▶ _Given data_:
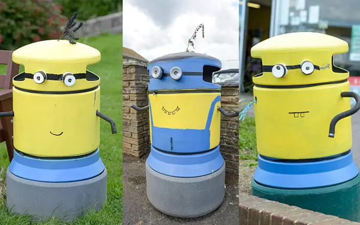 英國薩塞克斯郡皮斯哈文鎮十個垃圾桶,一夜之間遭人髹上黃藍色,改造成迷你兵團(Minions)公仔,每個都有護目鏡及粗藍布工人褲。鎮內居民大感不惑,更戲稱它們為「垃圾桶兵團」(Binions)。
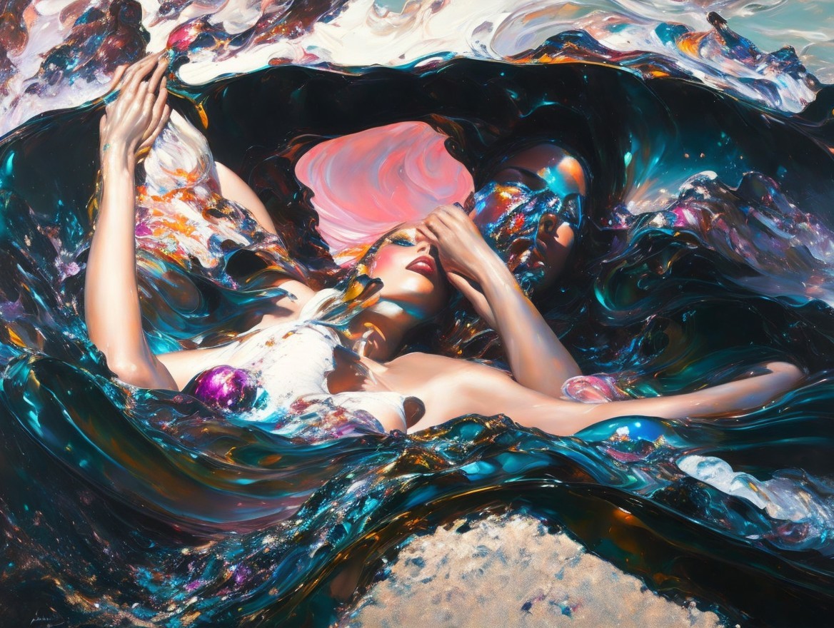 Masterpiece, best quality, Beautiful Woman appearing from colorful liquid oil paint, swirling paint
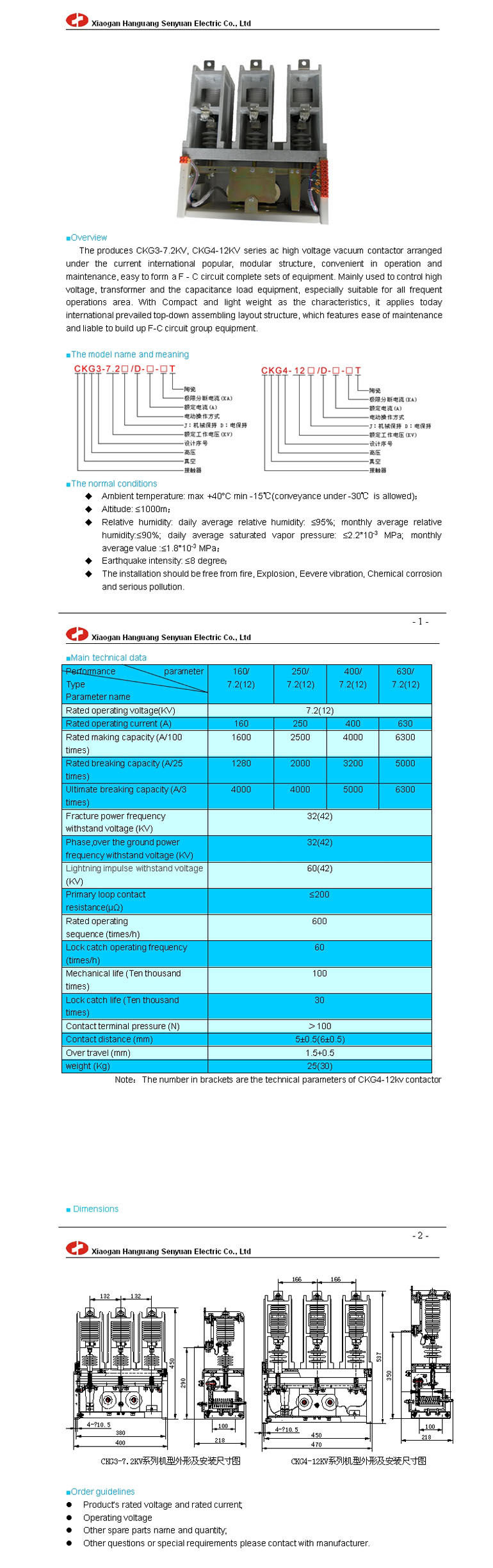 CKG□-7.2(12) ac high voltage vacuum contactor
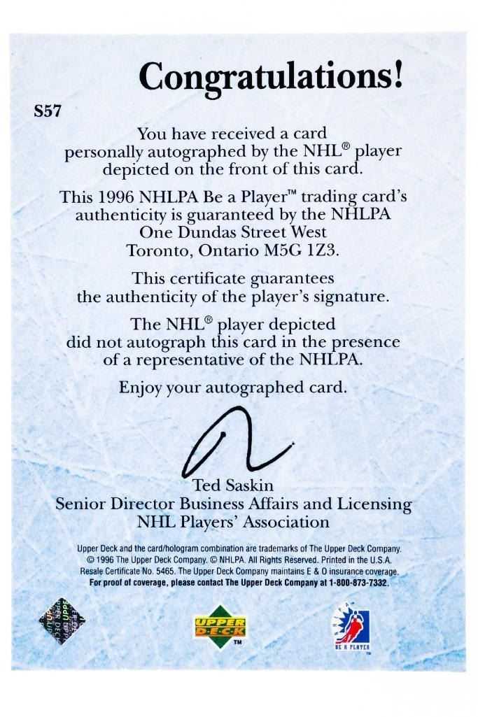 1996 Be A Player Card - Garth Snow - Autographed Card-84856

▶ _Task statement_: Print the listing exactly, but skip its pictures.

▶ _Solution for this task_:
 英國薩塞克斯郡皮斯哈文鎮十個垃圾桶,一夜之間遭人髹上黃藍色,改造成迷你兵團(Minions)公仔,每個都有護目鏡及粗藍布工人褲。鎮內居民大感不惑,更戲稱它們為「垃圾桶兵團」(Binions)。
 Masterpiece, best quality, Beautiful Woman appearing from colorful liquid oil paint, swirling paint
 CKG□-7.2(12) ac high voltage vacuum contactor
 1996 Be A Player Card - Garth Snow - Autographed Card-84856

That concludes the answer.